April 20, 2024

Ballot-level comparison audits: precinct-count

Special bonus: This article contains two puzzles for the reader, marked in green. Try to solve them yourself before reading the solutions in a future post!

In my last post I described a particularly efficient kind of risk-limiting audit (RLA) of election results: ballot-level comparison audits, which rely on a unique serial number on every ballot. The serial number should not be preprinted on the ballot where the voter can learn it, otherwise the voter could sell their vote, or be coerced to vote a certain way, and the buyer or coercer could learn the vote from the file of cast-vote records (CVRs). The solution, when central-count optical scan (CCOS) is used, is that the central-count optical-scan voting machine can print the serial number onto the ballot, as it scans and counts the ballot.
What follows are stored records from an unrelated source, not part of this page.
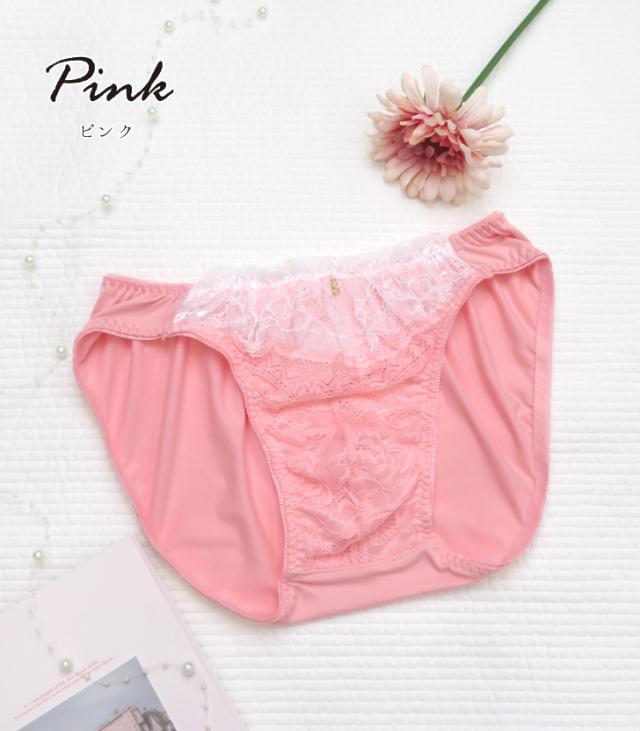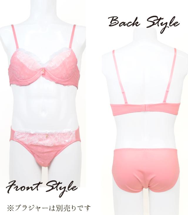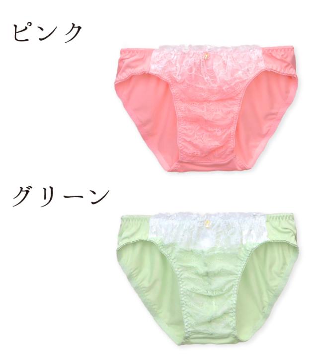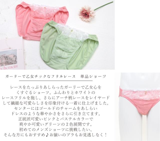 レースをたっぷりあしらったガーリーで乙女心をくすぐるショーツ。ふんわりとホワイトのレースフリルを施し、さらにアーチ柄レースをレイヤードして繊細な可愛らしさを印象付ける一着に仕上げました。センターにはゴールドのチャームをあしらいドレスのような華やかさをさらに引き立てます。正統派可愛いピンクとパステルカラーで爽やか可愛いグリーンの2色展開です。初めてのメンズショーツに挑戦したい、そんな方にもおすすめ♪お揃いのブラもお見逃しなく!
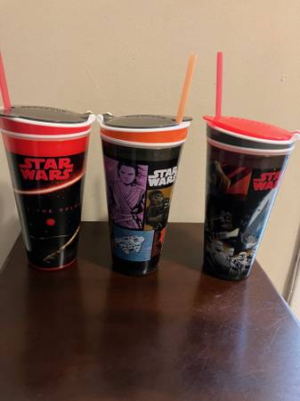 3STAR WARS snack cup w/straw 8oz cup, 4oz snack cup Never used. $5 for all 3 NO EMAILS PLEASE CALL
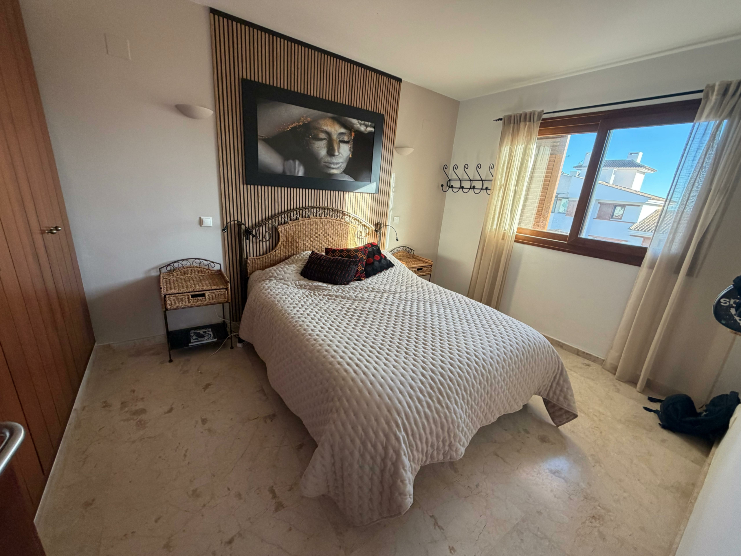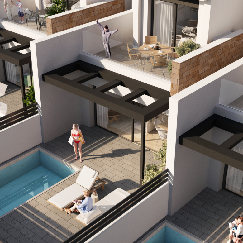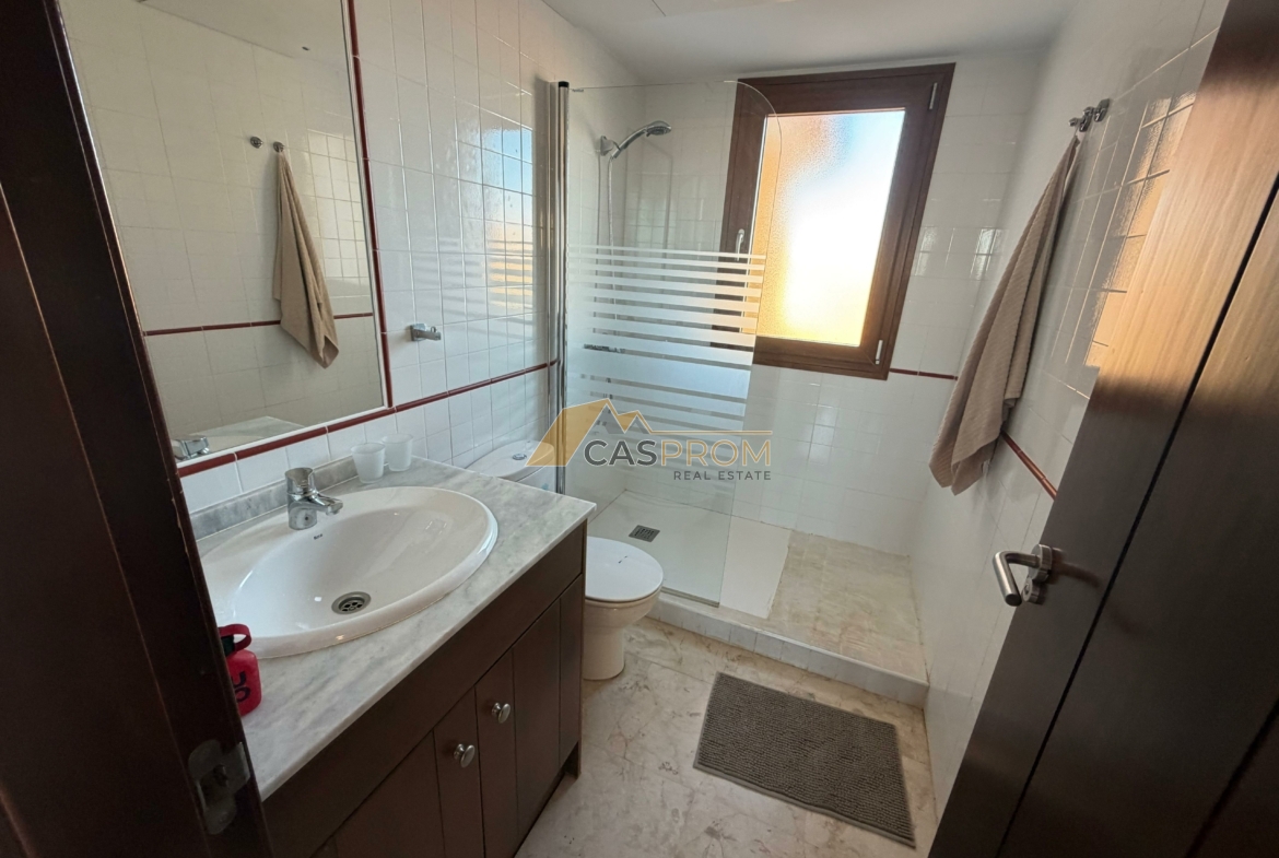The apartment features a bright, spacious living room with a dining area and a modern open-plan kitchen. The living area opens onto an impressive 65 m² terrace overlooking the pool and communal areas. It’s the perfect place to relax, dine al fresco, and enjoy over 300 days of sunshine a year.

But many jurisdictions use precinct-count optical scan (PCOS): the voter marks a ballot, and feeds it directly into the PCOS voting machine, where it is scanned, counted, and preserved in a ballot box. This has three advantages over CCOS:

  1. PCOS machines can alert the voter about overvotes, undervotes, or blank ballots, which gives the voter a chance to correct their ballot.
  2. PCOS tabulations are ready immediately at the close of the polls, which gives faster election-night reporting.
  3. PCOS tabulations give an additional safeguard against low-tech paper-ballot tampering: if the hand-to-eye recount of this batch does not match the results claimed by the optical-scanner, then one of them is wrong. The paper ballots themselves are the presumed ballot of record; State statutes should say that in case of disagreement we trust the paper by default, not the (possibly hacked or buggy) computers; but even so, a disagreement is important evidence of possible tampering that could be worth a forensic investigation. We don’t get this safeguard with central-count scanning of precinct-marked ballots.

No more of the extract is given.